Mr. Stephen J. McDaniel has been a director of the Company since July 2006. Mr. McDaniel is currently Chairman of the Board of Directors of Midstates Petroleum Company, a position he has held since March 2011. Prior to that time, he served as Midstates Petroleum’s President and Chief Executive Officer from August 2008 until March 2011, and he was its President and Treasurer for several years before that. Mr. McDaniel also spent seven years with Merrill Lynch in the oil and gas investment banking group in Houston, Texas, holding the position of Managing Director when he left the banking industry in 2004. He began his investment banking career with Gordon Capital Corporation and Midland Walwyn Capital, Inc., both Canadian firms. Mr. McDaniel started his career with Conoco, Inc. in 1983 in various engineering, operations and business development positions in domestic and international operations. Because of his extensive oil and gas, energy investment banking and engineering experience, including his financial and management expertise, the Company believes Mr. McDaniel is a valuable member of the Board.

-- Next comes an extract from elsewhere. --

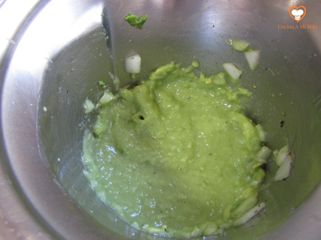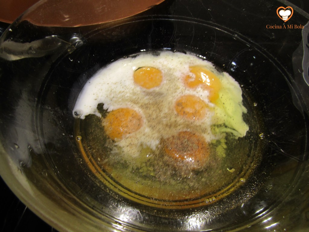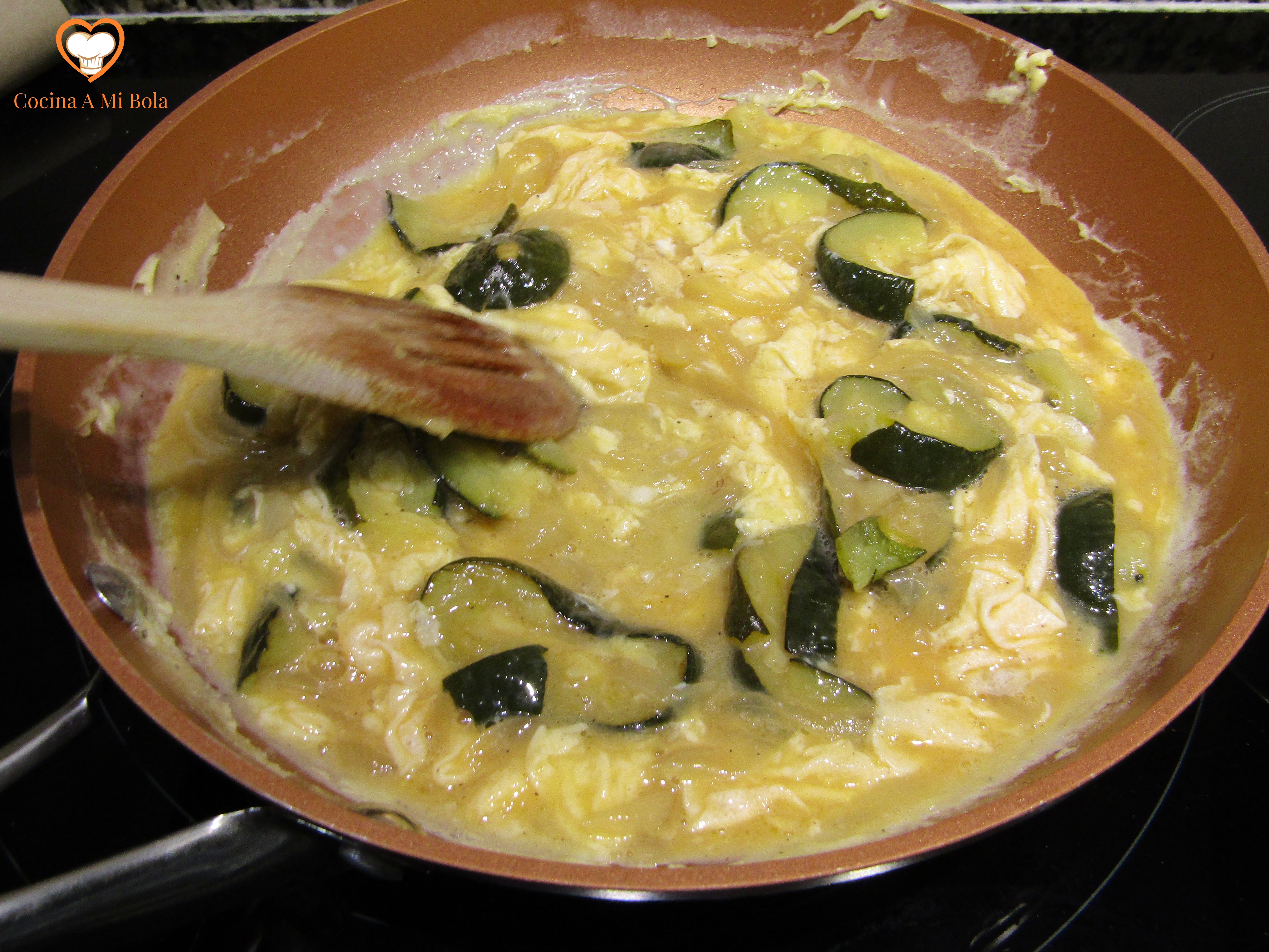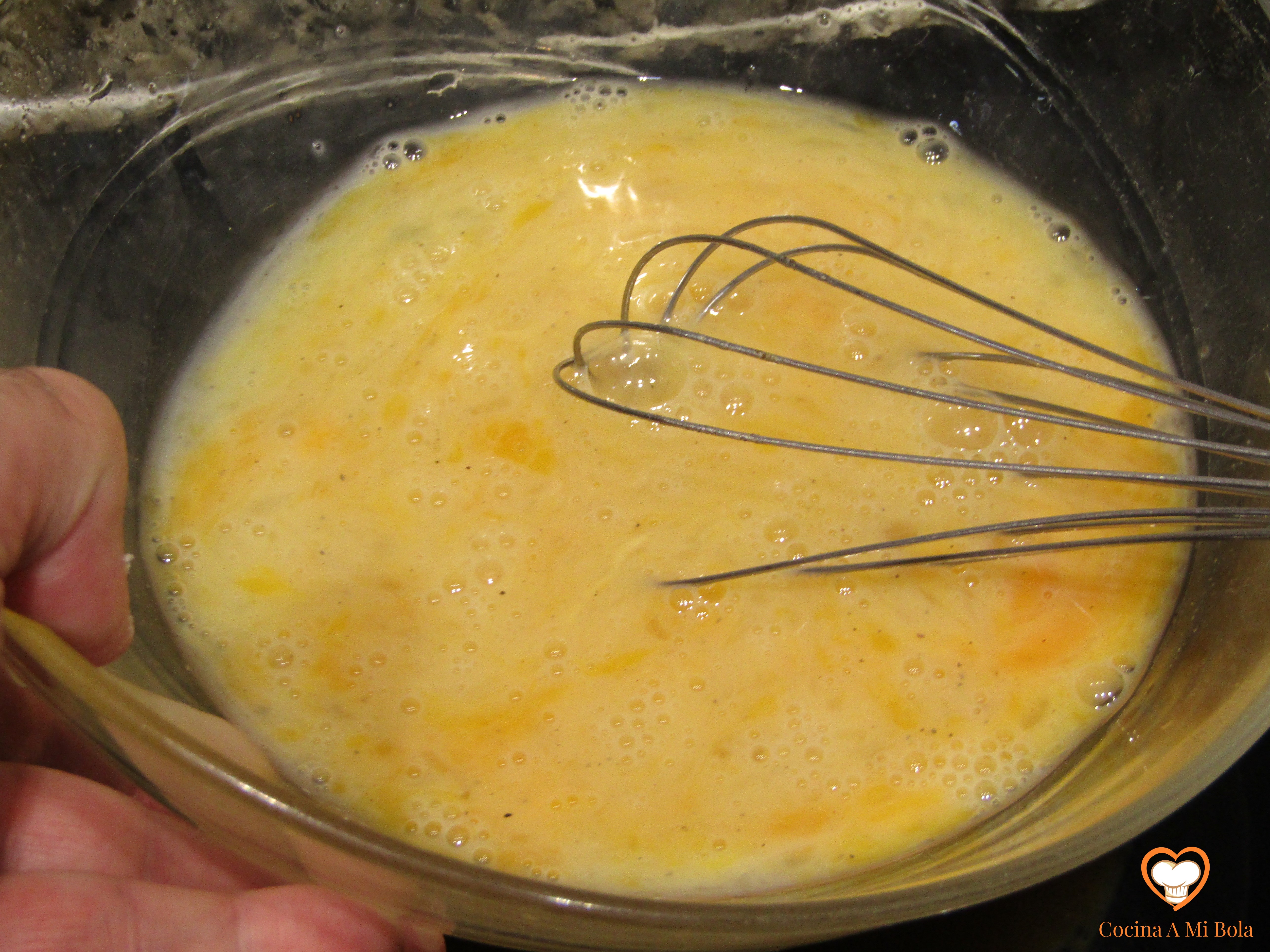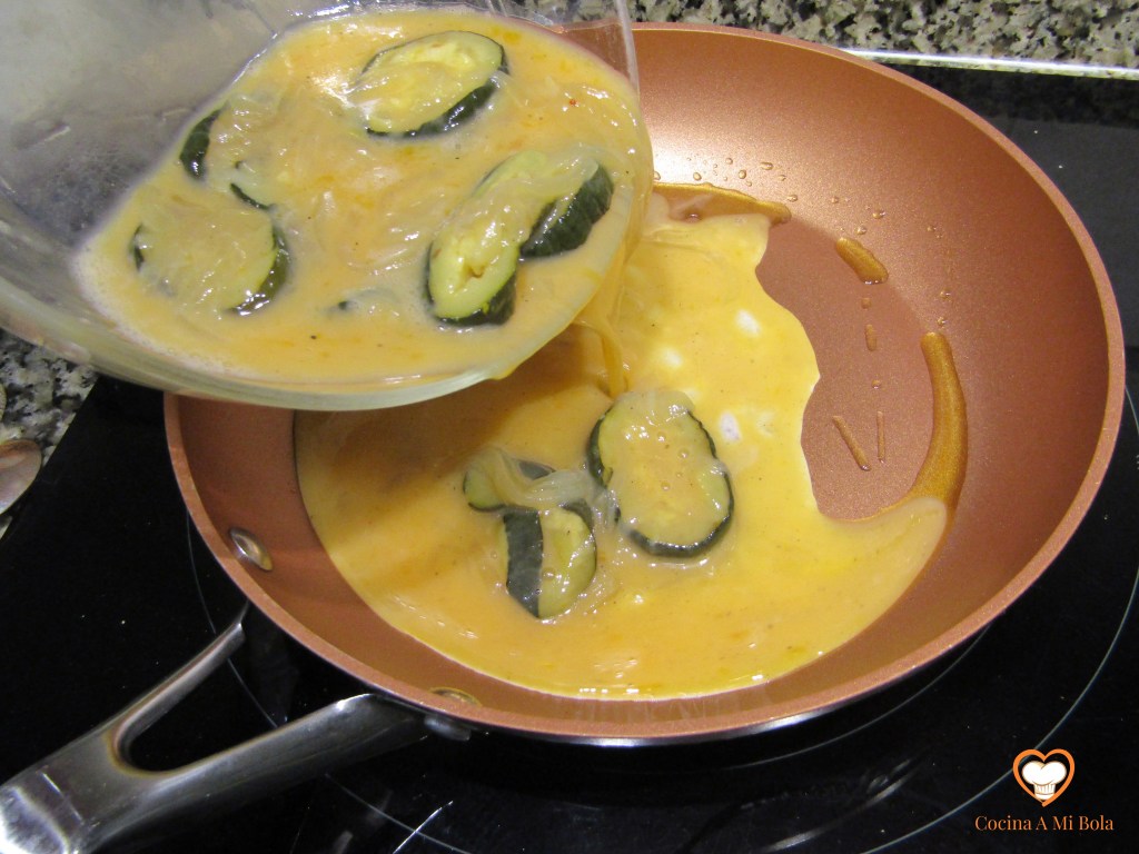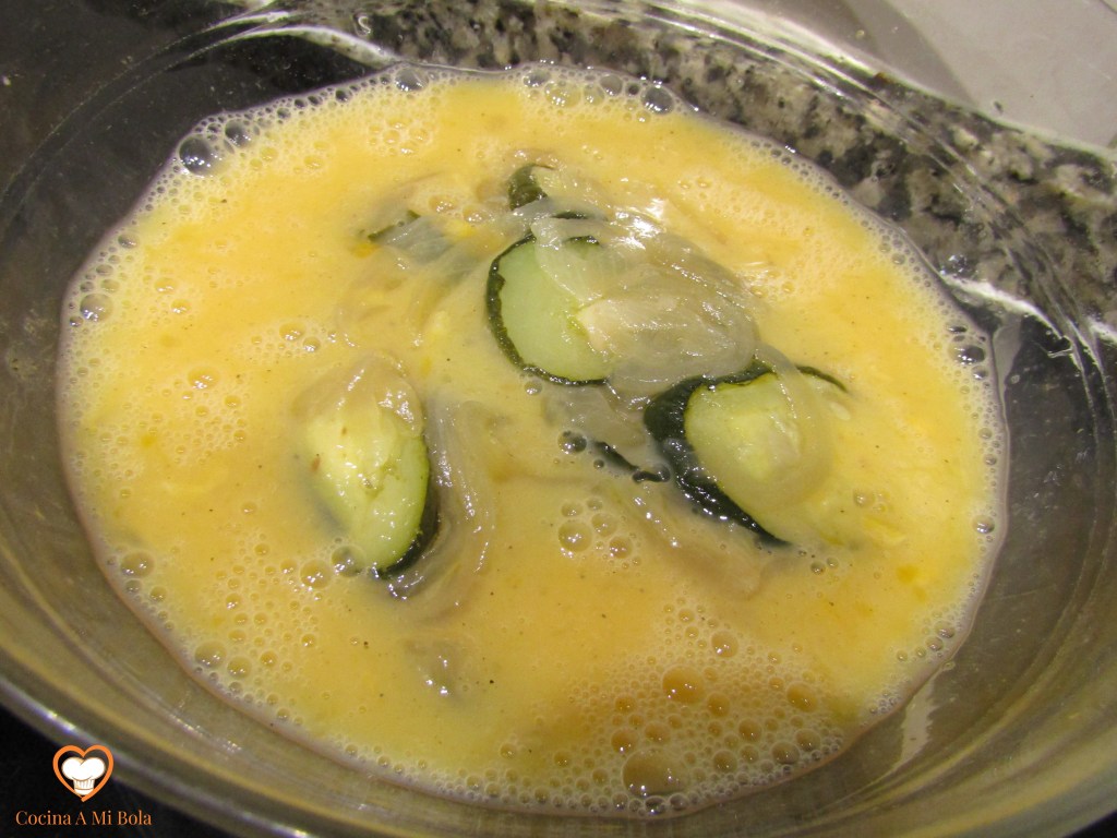 QUINTO.- Vamos ya a hacer el revuelto echando 5 huevos en un bol, la leche, sal y pimienta negra molida (con prudencia para que no mande mucho esta última). Usa la varilla para mezclar todo pero no lo batas demasiado porque resultará más seco y buscamos cierta jugosidad. Agrega ahora la cebolla y el calabacín y mezcla con mucho mimo para que no se nos haga todo un puré.

Mr. Roger A. Brown has been a director of the Company since October 2007. Prior to his retirement in 2007, Mr. Brown was Vice President-Strategic Initiatives for Smith International, Inc. from 2005 to 2007 and President of Smith Technologies, a division of Smith International, Inc., from 1998 to 2005. Before starting his thirty year career in oilfield services, Mr. Brown was a practicing attorney for eight years. He holds a Bachelor of Science, Economics, History and Political Science and a Juris Doctorate all from the University of Oklahoma. Mr. Brown currently serves on the board of directors of McDermott International, Inc., where he is a member of its Compensation Committee and the Chairman of its Governance Committee, and on the board of directors of Boart Longyear, where he is a member of its Remuneration and Nomination Committee and its Environmental, Health & Safety Committee. The Company values Mr. Brown’s directorship because of his legal background and his public company board and oil and gas services company executive experience.

Mr. Marshall D. Smith has been Senior Vice President since January 2011 and Chief Financial Officer since July 2005. Mr. Smith has over 30 years of progressive experience in a multitude of disciplines within the energy industry including operations, strategic planning, corporate finance and business development. Early in his career, Mr. Smith was a practicing Petroleum Engineer for both major and independent oil companies and later focused his career on mergers, acquisitions and corporate finance advisory assignments in the energy sector. From 2001 to 2002, Mr. Smith served as the Chief Financial Officer at Gulf Liquids, Inc. Mr. Smith was the Vice President of Business Development at J.M. Huber Energy from 2002 to 2004. From 2004 until joining the Company in July 2005, Mr. Smith served as the Vice President of Upstream Business Development at Constellation Energy.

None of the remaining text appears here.